After a few minutes of silence, she says, ‘That’s twice you’ve swerved off the road.’
‘I didn’t want to . . . hurt the birds.’
‘Now that you’ve saved the wildlife, can I tell you a secret?’
‘If you do, it won’t be a secret anymore.’
‘I trust you – despite your driving.’
‘I’m not going to surprise my mum.’ She takes a deep breath. ‘I knew my mother had left home before I was told. By the look in my father’s eyes when he picked me up from school. I didn’t let on that I knew. I kept right on talking.’
‘How old were you?’
‘Ten. When Dad told my eldest brother, he punched the wall. How’s that for a reaction? My other brother just looked dull-eyed and sad, like a calf separated from the herd.’
‘What about your dad?’
‘Every time Dad walked past the damaged wall, he touched the splintered plaster. It was years before he fixed it. And he didn’t repaint it. That’s the only reminder we had of her leaving. An unpainted wall.’
Her eyes focus on the steering wheel. ‘Your parents, are they happily married?’
It’s not a question I’ve ever considered. They’re just . . . there. I shrug. ‘Yeah. I suppose.’
The silence expands between us. Up ahead are two grain silos, painted white, with the name of the town written half on one, half on the other: DAH MOOR. Parked under one silo is a truck, loading grain in a swirl of dust and noise. The driver covers his mouth with a hankie. I pull over, letting the car idle, thinking of a little girl in a house full of boys.
She sighs. ‘None of us have seen her since she left.’
The truck moves from under the silo, the truckie watching us as he drives slowly by. A skinny tomcat pads across the gravel, eyes on a sparrow in the tree. The cat creeps forward, measuring the distance. Can a cat climb that high, that quickly? The sparrow flickers from branch to branch. I don’t want to see what happens next.
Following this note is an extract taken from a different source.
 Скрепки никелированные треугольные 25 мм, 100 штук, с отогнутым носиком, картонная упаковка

‘I owe you lunch,’ I say, putting the car in gear and pulling out.
She leans across and looks in my rear-view mirror, smoothing her thick eyebrows with her
index finger, first the left, then the right. When she sees the dusty roadhouse and the cattle dog sleeping beside the petrol pump, she says, ‘No chance of a tofu burger here.’
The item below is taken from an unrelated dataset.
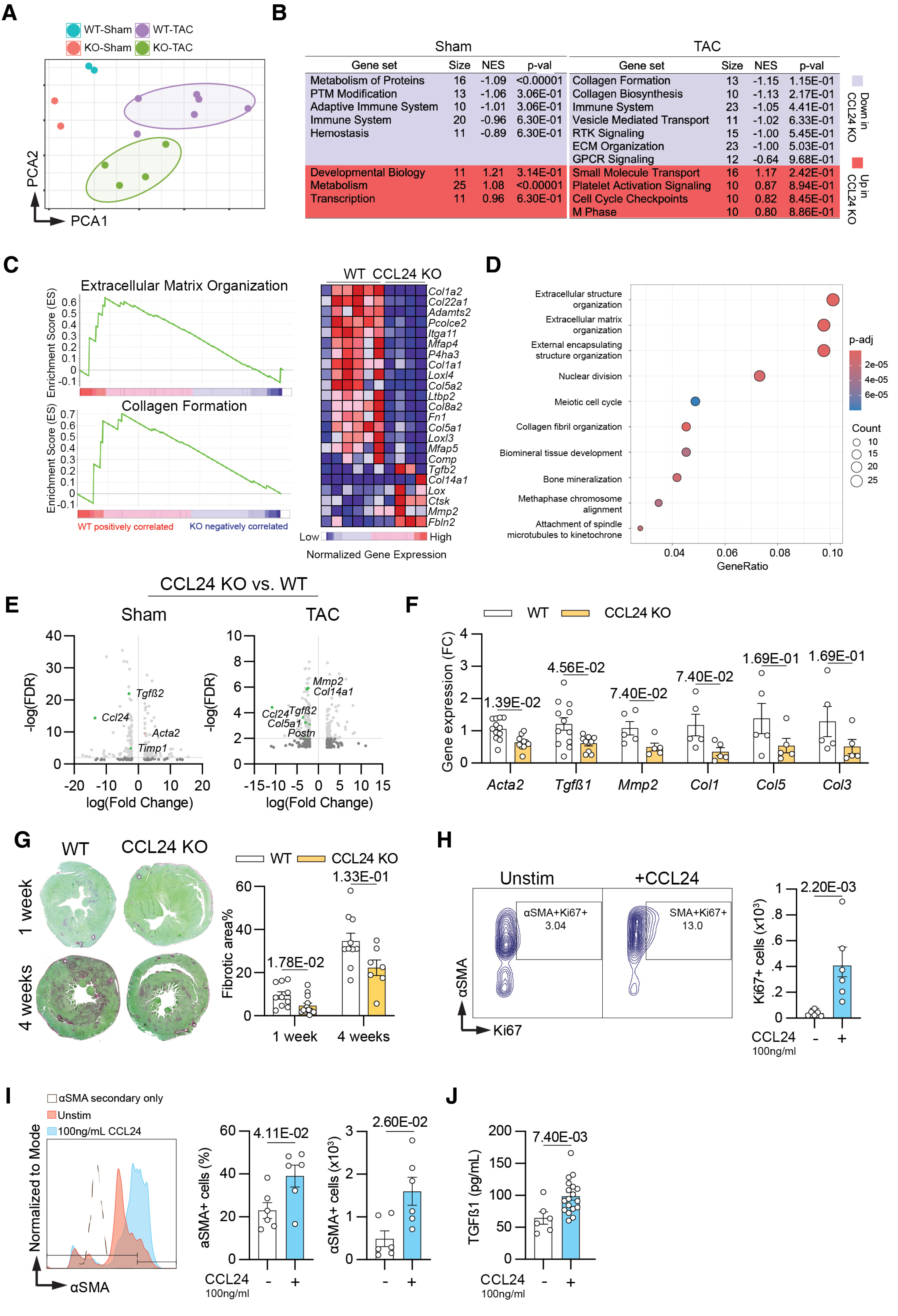 RNA-seq 测序分析结果显示,CCL24 缺失可显著下调胶原合成、细胞外基质(ECM)形成相关基因表达,同时抑制 TGF-β 信号通路激活,使促纤维化基因表达谱整体下调,最终导致心脏纤维化面积减少 40%。体外功能验证实验证实,重组 CCL24 蛋白可直接诱导成纤维细胞增殖,并促进 α- 平滑肌肌动蛋白(αSMA)及 TGF-β 的产生,明确 CCL24 通过直接激活成纤维细胞驱动心脏纤维化进程。

I park in the shade of a flowering wattle. On the petrol pump is a hand-written sign that reads Pay before you pump! The dog gets up and walks to a tap dripping slowly into a battered dish and takes a drink.
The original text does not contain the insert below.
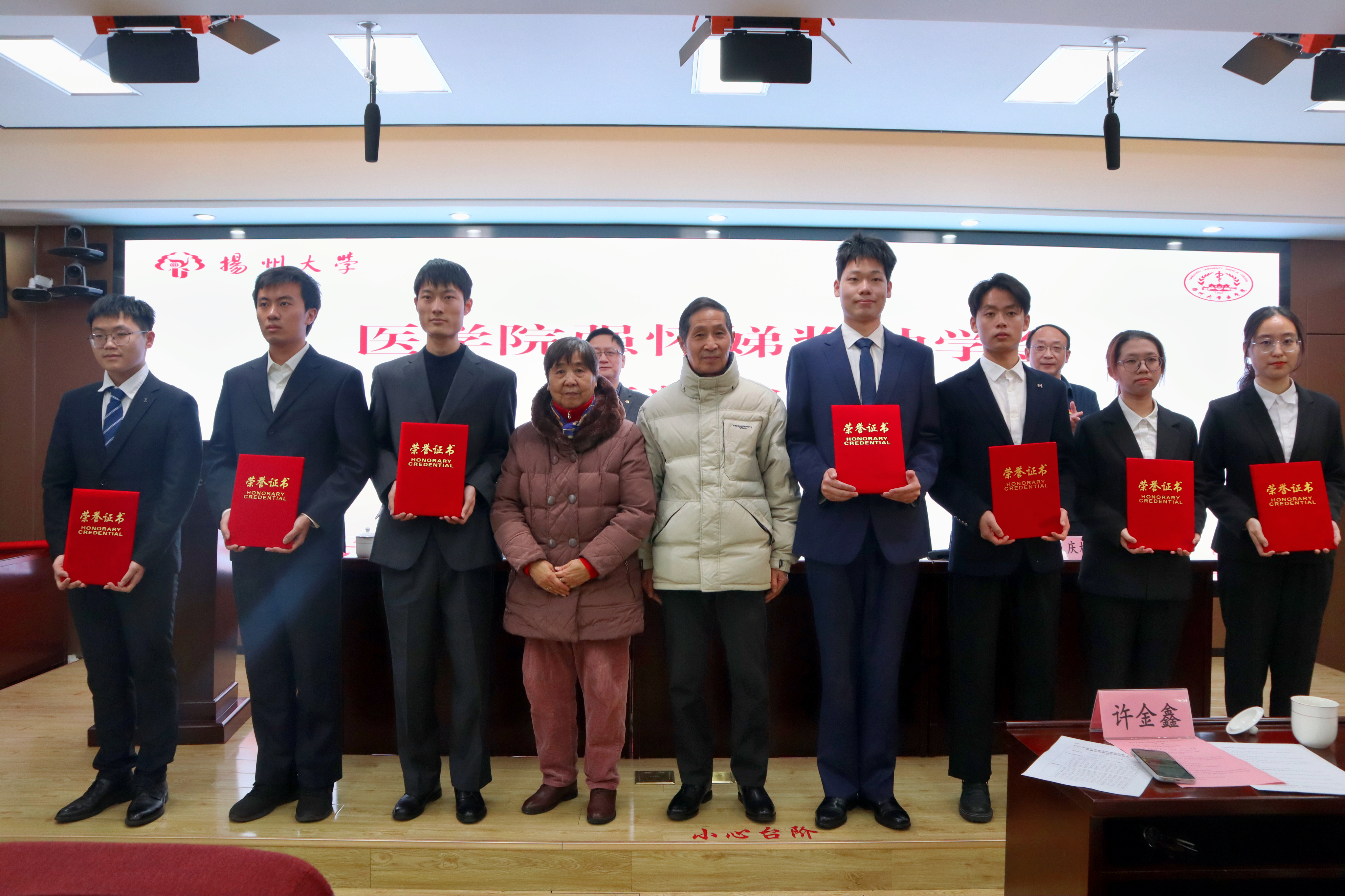 在全校上下深入学习宣传贯彻党的二十大精神和学校第四次党代会精神之际,我院隆重举办了扬州大学医学院“强怀娣奖助学金”颁奖典礼。“强怀娣奖助学金”冠名者、我院退休教师强怀娣,强怀娣老师爱人、我校原统战部副部长戴占军,校对外联络办公室、扬州大学教育发展基金会办公室主任陈克勤,院党委书记王庆林,院团委书记许金鑫出席典礼,院党委副书记左红梅主持活动。

‘By the way, my name’s Sophie.’ She holds out her right hand.
It feels small in mine. ‘Don’t tell me,’ she says. ‘Yours is Michael, Andrew . . .’ She clicks her fingers. ‘William?’
‘James. William is my middle name, Michael is my dad.’
She smiles and reaches to open her door. ‘Great. I’ll have a hamburger and a coffee, James.’
Sophie sits at the bus shelter and admires her painted nails. Damn. The nail polish is in the bathroom cabinet. Carlos can give it to the next girl, if he’s capable of finding another. It was she who found him, tapping away furiously on his laptop in a café not far from the flat.
A writer?
Beside the computer was a stack of magazines.
A student?
He had a hex tattoo on his bicep.
An anti-religious anarchist?
None of the above.
Carlos was a share trader who smoked too much dope and lived in his pyjamas. At first she thought it was curiously subversive. From Bob Marley to stock floats seemed an awfully long way. In fact, it was as close as the click of a tab on his MacBook.
He was scruffy, homely and oddly endearing. After a few weeks together, she moved into his flat. He rearranged the wardrobe and chest of drawers, leaving just enough space for her clothes and her two books. He picked the books up while she unpacked.
‘Of Mice and Men. What’s it about?’
She looked up quickly, thinking he was joking. His face was as unreadable as a spreadsheet.
‘Men . . .’
He grinned. ‘And mice?’
‘Something like that.’
He tossed it on the bed and reached for the other book.
‘Travels with Charley. Don’t tell me it’s about travelling . . . and this bloke named Charley.’